Crosbie also blasted new premier Andrew Furey—who was standing just a few feet away—for campaigning largely on his great relationship and leverage with Ottawa but “failing” to use that leverage for an industry in crisis.
Furey swiftly took the microphone after Crosbie, reassuring the crowd that there is “no future for Newfoundland and Labrador without a strong oil and gas industry.” He emphasized that “every day I wake up and think about you. Every single day I phone the federal government and hold their feet to the fire.” Echoing one of former premier Dwight Ball’s favourite lines, he stressed that his government would leave “no stone unturned” and that “we’ve been at this six months, holding their feet to the fire to make sure they’re committed to all of you, not the big companies.”
The crowd responded with tepid applause, and one man could be heard yelling “Call an election! Get a new mandate!” throughout the premier’s speech.
Speaking with reporters as the rally wound down, Furey repeated that he was in regular contact with his federal counterparts. But he did not clarify where negotiations presently stand with the national government.
“The federal government is working on this,” Furey told reporters. “They don’t have anything on the table other than how important this is to the industry and to the province, and how there is no future here without it. They’re assumedly doing their due diligence. We’re talking to them, holding their feet to the fire as I suggested, putting the appropriate pressure, putting the urgency on it, and they’ll have to deliver. That’s the bottom line.”
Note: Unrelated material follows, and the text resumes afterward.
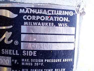 - Tank MAWP (PSI at temp): 250 psi @ 400°F

Asked about federal Intergovernmental Affairs Minister Dominic Leblanc’s August 21 visit to the province where he hinted that specific support measures for industry would arrive in the coming weeks, Furey told reporters “that would be a question best directed towards [the federal government]. It’s with them.”
“I can tell you right now the province is doing everything it can to accelerate whatever deal, whatever structure or framework they’re going to announce. But that’s with them, not with me.”
Pressed again on this question, Furey continued: “I can’t speak for [Minister LeBlanc]. What I’m saying is that within our purview, we’re talking to the operators about everything that is within our fingertips. It’s no sense talking to me about, you know, ‘why don’t you move the global oil price?’ I can’t do that. But everything that we can do, we are investigating and evaluating and doing.”
Asked to be specific about what his “leverage” with Ottawa actually is, Furey was frank: “It’s picking up the phone and making sure they understand every single day how hard this is for the people of the province, ensuring they know how this impacts families and citizens.”
“Well that’s nice,” Crosbie told reporters following the premier’s exit. “But we haven’t seen the results of that yet. Here’s a gentleman who campaigned for premier on the strength of his relationships in Ottawa and his claimed ability to leverage those relationships.”
“Now, when we badly need that leverage, where is it?”